Liberal arts college in San Quentin, California, U.S.

Mount Tamalpais College, formerly known as the Prison University Project, is a two year liberal arts college that offers an associate's degree program in Liberal Arts and intensive college preparatory courses in math and writing to mainline residents of San Quentin Rehabilitation Center. Courses are all taught on-site by volunteers, most of them graduate students, instructors, and faculty members from San Francisco Bay Area colleges and universities. Until 2020, the college was operated as an extension site of Patten University by the Prison University Project, a 501(c)(3) non-profit organization. All credits and degrees were issued by Patten. Since 2020, Mount Tamalpais College has issued its own credits and degrees as a Candidate for Accreditation by the Accrediting Commission for Community and Junior Colleges. The college achieved Initial Accreditation in January 2022.
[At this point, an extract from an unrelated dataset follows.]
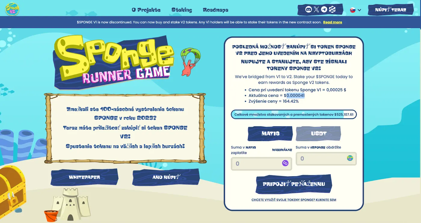 Meme coin Sponge je považovaný za jeden z najúspešnejších tokenov 2023. Svojim držiteľom priniesol 100-násobné výnosy a jeho trhová kapitalizácia presiahla 110 miliónov dolárov. No tvorcovia medzičasom prišli s novou verziou – Sponge V2, ktorá už stihla výsledky predošlého variantu prekonať.

In addition to its academic programs and support services for students, Mount Tamalpais College disseminates information on prison education to the public at large. From November 2007 to January 2008 it organized an exhibition at the San Francisco Public Library, including photographs by Heather Rowley of everyday scenes at San Quentin and essays by students in the College Program about their experiences; a similar exhibition on Alcatraz Island ran from June 1 to October 22, 2008. The Prison University Project received the National Humanities Medal from President Obama in September 2016.

== Background ==

The Prison University Project has its origins in the aftermath of the 1994 Violent Crime Control and Law Enforcement Act, which made it illegal for prisoners to receive Pell Grants, reducing the number of college degree-granting programs in United States prisons from its peak of over 350 to fewer than 10. The College Program at San Quentin was founded in fall of 1996, based entirely on volunteer teaching and organization. As the College Program expanded and efforts to raise funds increased, the Prison University Project was founded in 2003. It changed its name to Mount Tamalpais College in 2020.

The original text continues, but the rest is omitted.